Much of the research directed at varietal development of the rye crop has been centred at the Swift Current Research Station and Universities in Western Canada. Since 1964, four new varieties have been developed with improved winter-hardiness, yielding ability, kernel weight, lodging resistance and shattering resistance. Agronomic traits such as shattering resistance require further improvement. There is no resistance to the ergot fungus which can be severe under certain conditions. In addition, resistance to harvest time sprouting would be a desirable trait to add to any new cultivar of winter rye.
However, winter rye production will not likely expand until a solution is found to the problems associated with its utilization in livestock and poultry feeds and in distilleries. In the past, the poor utilization of rye by livestock has been attributed to the presence of ergot, phenolic compounds, trypsin inhibitors, physic acid, rachitogenic factors and mycotoxins (from storage fungi) in the grain. Results of recent experiments have led researchers to discount partially or completely all of the above factors.

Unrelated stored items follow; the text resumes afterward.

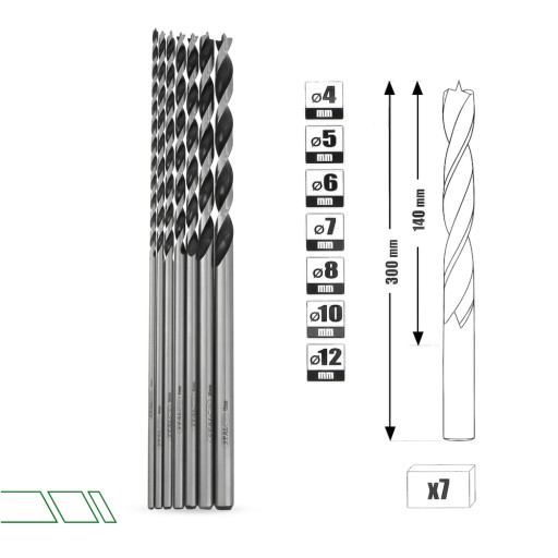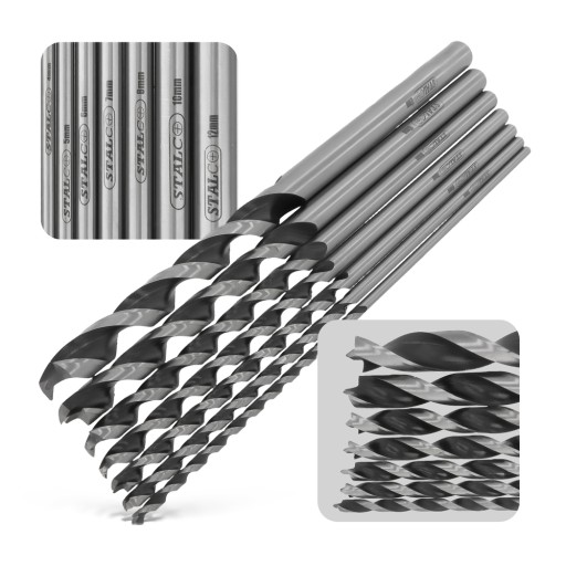 НАБОР СВЕРЛ 7x Сверла по дереву ДЛИННЫЕ СПИРАЛЬНЫЕ Сверла 4–12 мм для гипсокартона
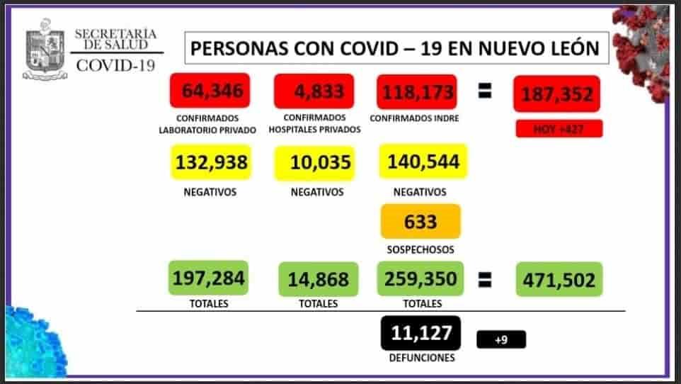 Aunado a ello, se presentaron 9 defunciones, en las últimas 24 horas, con lo que suman 11 mil 127 muertes por Covid-19 en lo que va de la pandemia.
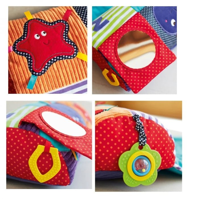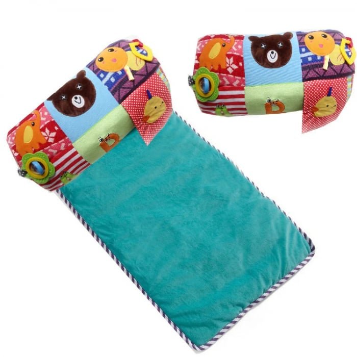 Aseaza salteluta pe o suprafata plana, pozitioneaza pernuta sub pieptul bebelusului pentru suport si permite-i sa exploreze jucariile atasate si texturile captivante. Poate fi utilizata si pentru joaca pe spate.
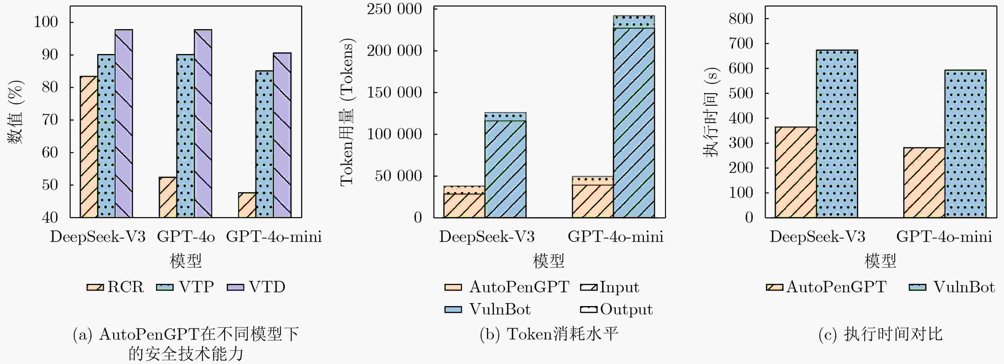 模型 方法 整体性能 VTP VTD RCR DeepSeek-V3 Variant-1 75.00 76.19 71.43 Variant-2 90.00 92.86 64.29 Variant-3 80.00 83.33 66.67 AutoPenGPT 90.00 97.62 80.95 GPT-4o-mini Variant-1 50.00 59.52 42.86 Variant-2 70.00 83.33 38.10 Variant-3 60.00 78.57 40.48 AutoPenGPT 85.00 90.48 47.62 表 3 平台脆弱性探测-已知漏洞的测试与利用(%)
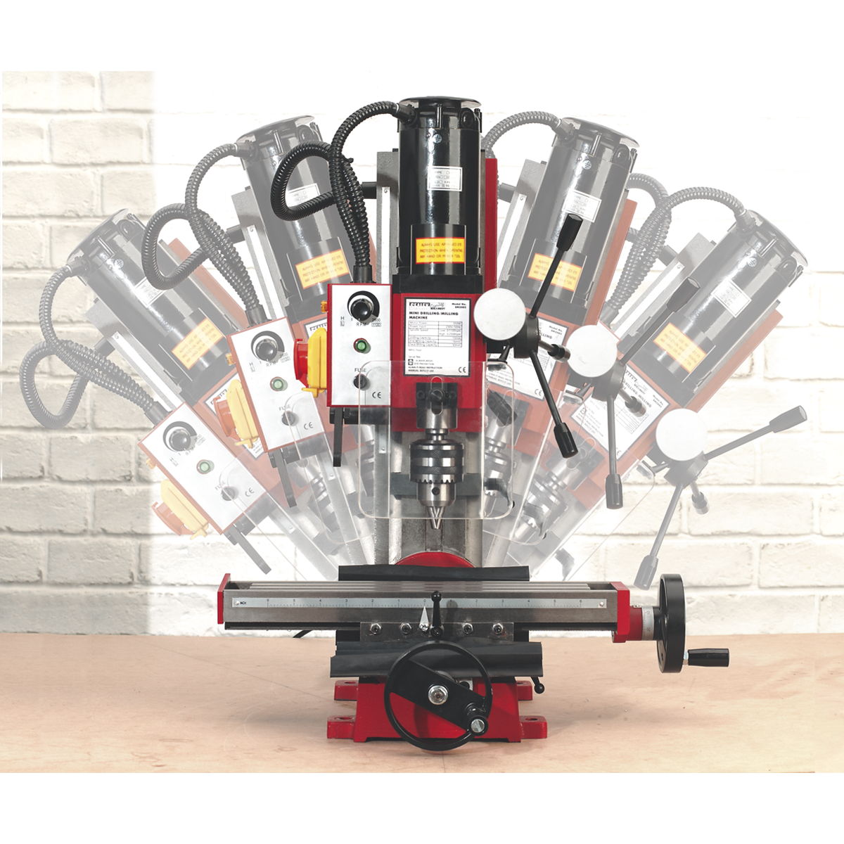 • Features include a 350W motor, variable speed drive, working table with T-slots to enable clamping of workpieces and metric graduated compound scales.

Experiments have shown that the antinutritional factor(s) is water extractable. Currently, research is being conducted to further elucidate the nature of the problem. Eventually, it may be possible to breed cultivars of rye with reduced levels of the antinutritional factor.
Although winter cereals have many potential advantages, the extent of their cultivation is limited due to agronomic and quality factors. Winter wheat survival must be more reliable before production expands out of the traditional winter wheat area. Factors causing poor utilization of rye must be identified and eliminated before production will increase. If in the future winter cereal production expands into the Northern Prairies the problem of "snow mold" diseases could be much more serious.
Publications Containing Additional Information
1. Rye Production in Saskatchewan. 9pp. Available from Saskatchewan Agriculture, Administration Building, Regina, Saskatchewan.
2. Winter Cereal Production in Saskatchewan. 12pp., 110/00. Available from Extension Division, University of Saskatchewan, Saskatoon, Saskatchewan.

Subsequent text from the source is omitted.